British scholar (1935–2012)

Peter William Connolly FSA (8 May 1935 – 2 May 2012) was a British illustrator and self-taught scholar of the ancient world, Greek and Roman military equipment historian, and reconstructional archaeologist. He was a regular contributor to such periodicals as the Journal of Roman Military Equipment Studies and Roman Frontier Studies.

==Biography==
The son of an artist, Connolly studied at the Brighton College of Arts and Crafts after national service in the Royal Air Force. His interest in ancient military history caused him to collaborate with Brian Dobson and H. Russell Robinson; and his first book, The Roman Army, came out in 1975. He wrote and illustrated books about the ancient world, including Pompeii, Greece and Rome at War, The Greek Armies, Colosseum: Rome's Arena of Death, and the award-winning Legend of Odysseus.
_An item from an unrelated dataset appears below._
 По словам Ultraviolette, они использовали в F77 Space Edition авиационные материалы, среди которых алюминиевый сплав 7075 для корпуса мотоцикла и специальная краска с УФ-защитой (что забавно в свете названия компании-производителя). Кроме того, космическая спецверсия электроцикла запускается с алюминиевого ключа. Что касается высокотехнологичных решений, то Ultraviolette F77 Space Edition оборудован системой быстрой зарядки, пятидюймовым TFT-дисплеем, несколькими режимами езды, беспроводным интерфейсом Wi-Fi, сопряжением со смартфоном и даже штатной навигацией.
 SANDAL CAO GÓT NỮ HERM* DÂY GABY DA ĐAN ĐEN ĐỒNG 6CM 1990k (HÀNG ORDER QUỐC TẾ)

Connolly appeared regularly on television as an expert on ancient armies and their equipment, and in the 1980s presented a series for UK schools called "An Archaeological Background to the Gospels" in which he travelled to ancient sites in Israel, illustrating the programmes with his own paintings, many of which appeared in his book Living in the Time of Jesus of Nazareth.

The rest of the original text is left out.